- What is being asked -
Print the listing below a second time, exactly, and omit its images.

- Supplied material -
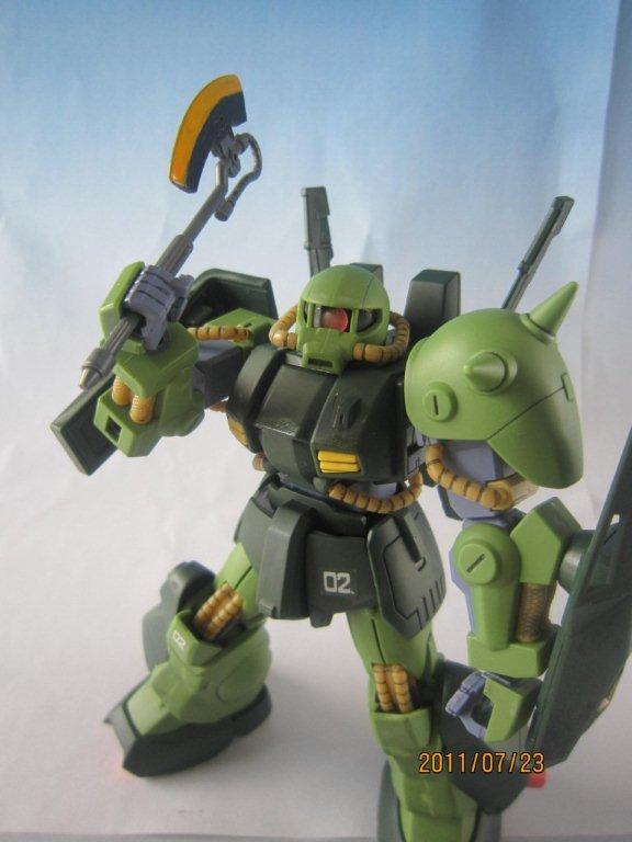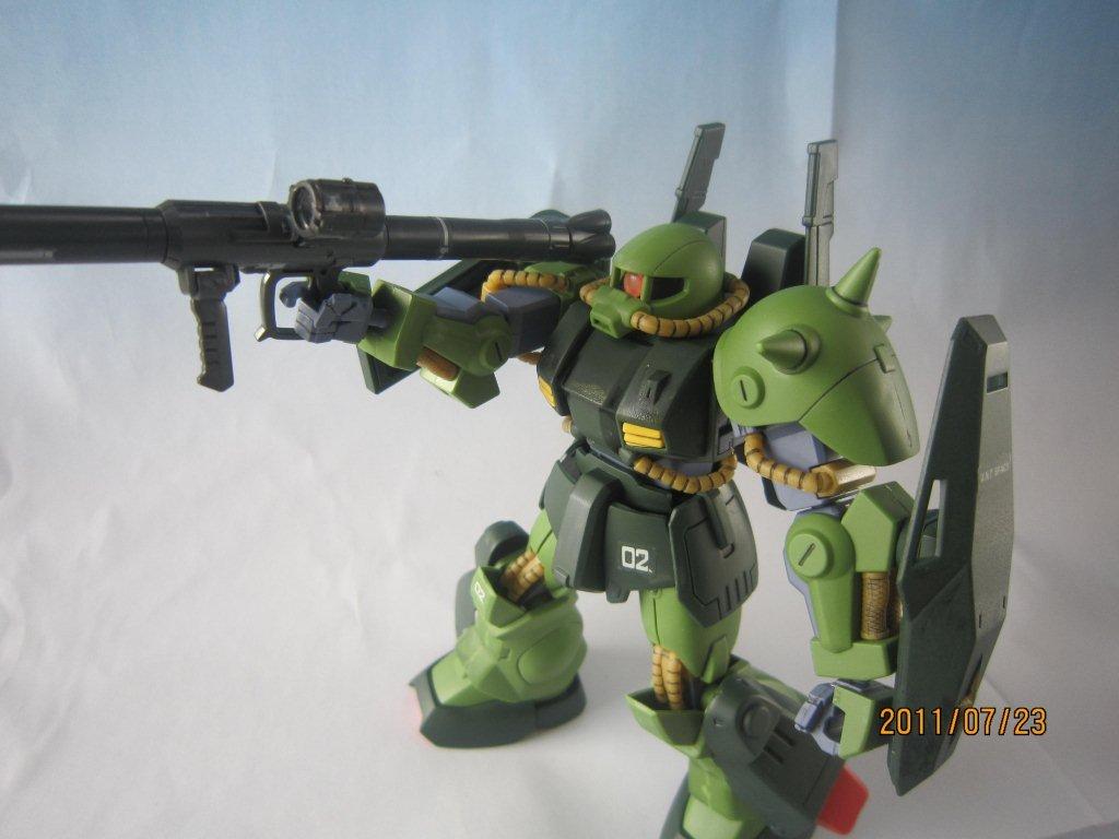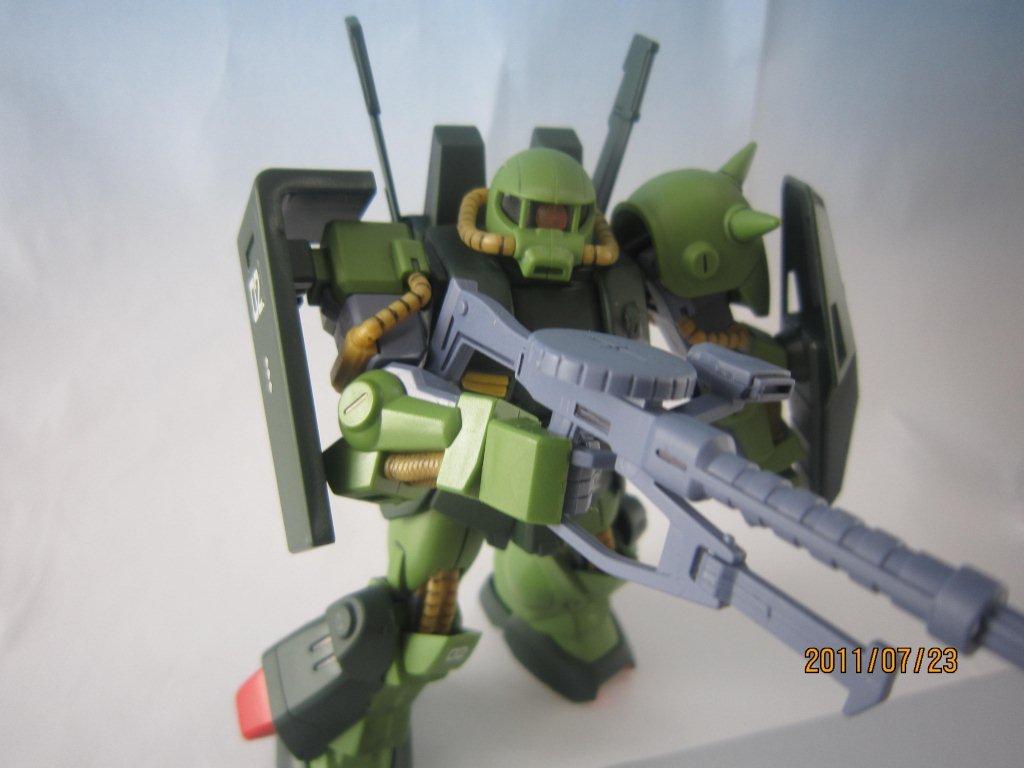 基本ポーズ。 アップ。 ザク・マシンガンを構えたところ。 右から。 後ろ姿。 ○感想 合わせ目があまりないキッドです。 足、肩、マシンガンくらいですかねー。今回は、足だけ合わせ目消ししました。 (なんかきったなくなっちゃって )部分塗装もほとんど無いですねー。今回しなかっったです。 800円くらいだし、シャア専用ズゴックに次ぐコスパに優れた良いプラモかも。 武器、手が少ないのが難点・・・
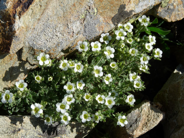 fleurs solitaires sur pédoncule court , feuilles velues trilobées.. série saxifraga exarata le plus probable..
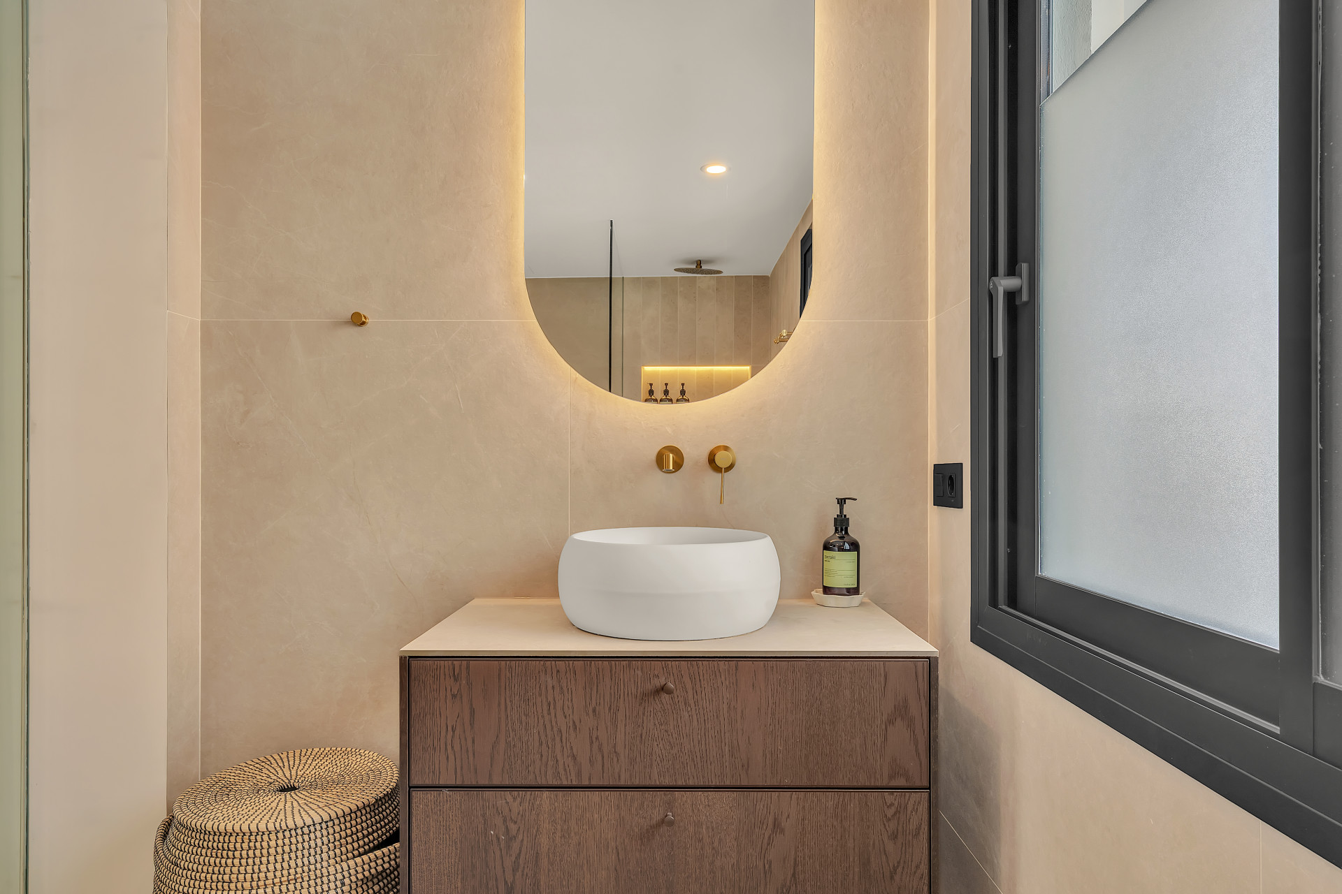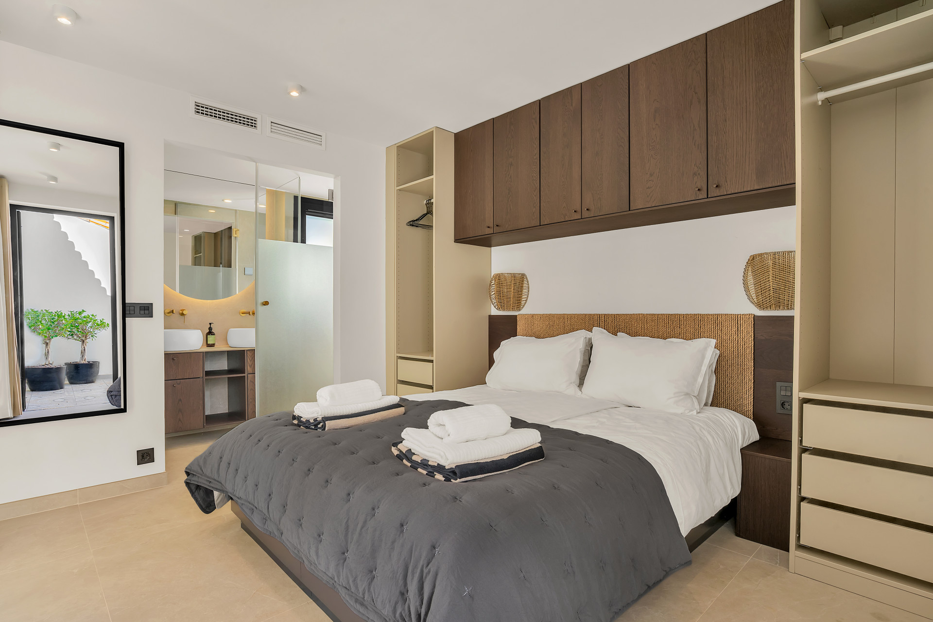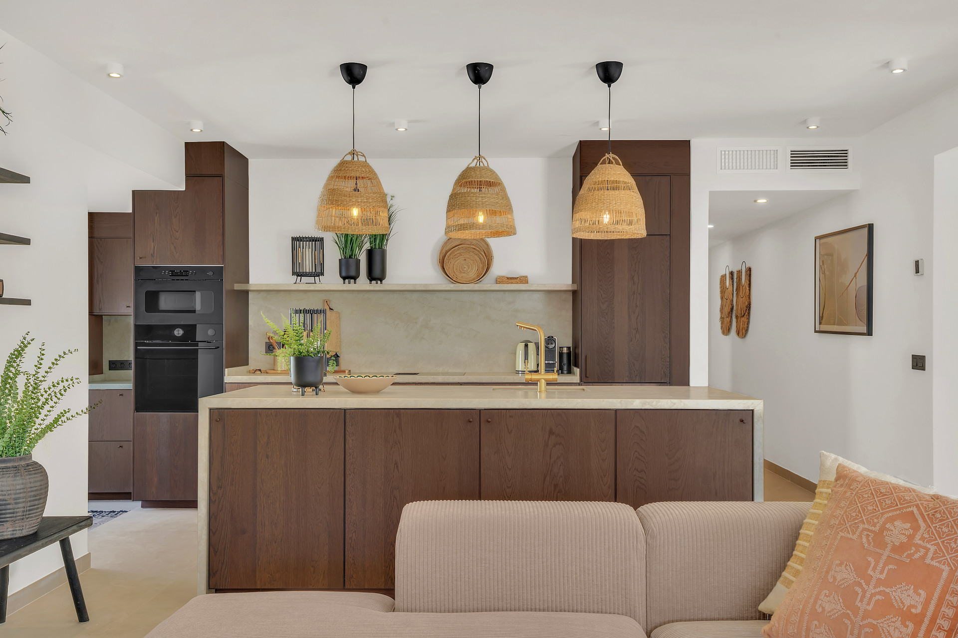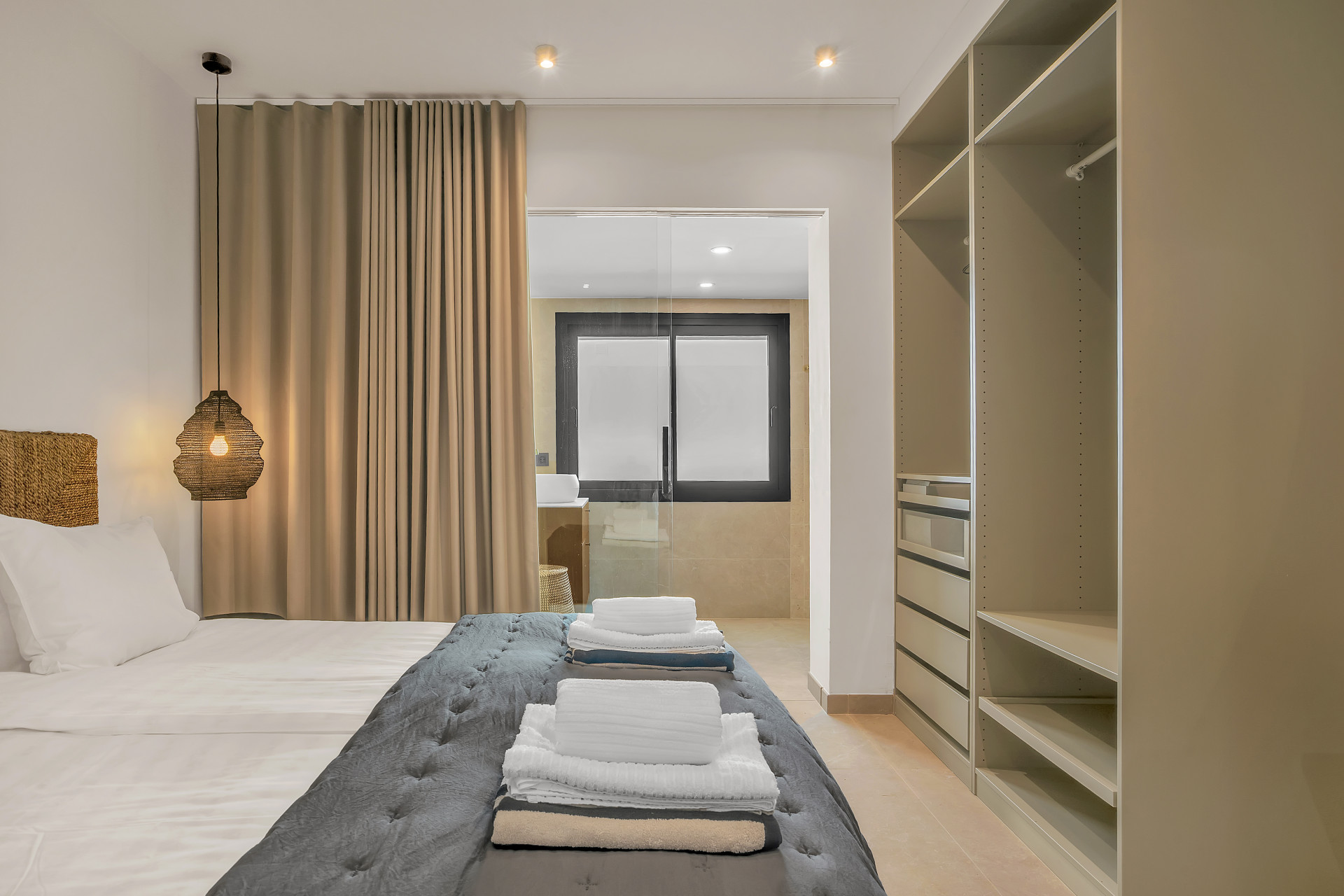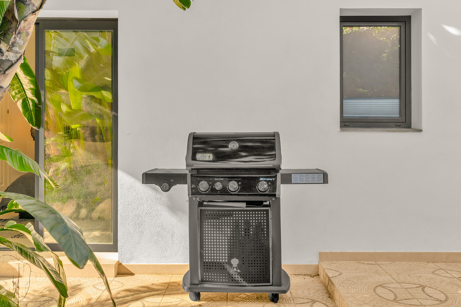 A unique home with contemporary style and a warm, welcoming feel, the villa has been newly furnished and thoughtfully decorated throughout. Fresh interiors, quality finishes, and elegant design details elevate the home while still keeping it practical and inviting for families and groups alike. The open-plan living and dining area is bright and airy, with large windows filling the space with natural light. Double doors connect this space to the garden and pool, creating a seamless indoor–outdoor flow ideal for Mediterranean living. The modern kitchen is fully equipped with induction cooking and state-of-the-art appliances, offering everything needed for preparing meals at home.

- Result below -
 基本ポーズ。 アップ。 ザク・マシンガンを構えたところ。 右から。 後ろ姿。 ○感想 合わせ目があまりないキッドです。 足、肩、マシンガンくらいですかねー。今回は、足だけ合わせ目消ししました。 (なんかきったなくなっちゃって )部分塗装もほとんど無いですねー。今回しなかっったです。 800円くらいだし、シャア専用ズゴックに次ぐコスパに優れた良いプラモかも。 武器、手が少ないのが難点・・・
 fleurs solitaires sur pédoncule court , feuilles velues trilobées.. série saxifraga exarata le plus probable..
 A unique home with contemporary style and a warm, welcoming feel, the villa has been newly furnished and thoughtfully decorated throughout. Fresh interiors, quality finishes, and elegant design details elevate the home while still keeping it practical and inviting for families and groups alike. The open-plan living and dining area is bright and airy, with large windows filling the space with natural light. Double doors connect this space to the garden and pool, creating a seamless indoor–outdoor flow ideal for Mediterranean living. The modern kitchen is fully equipped with induction cooking and state-of-the-art appliances, offering everything needed for preparing meals at home.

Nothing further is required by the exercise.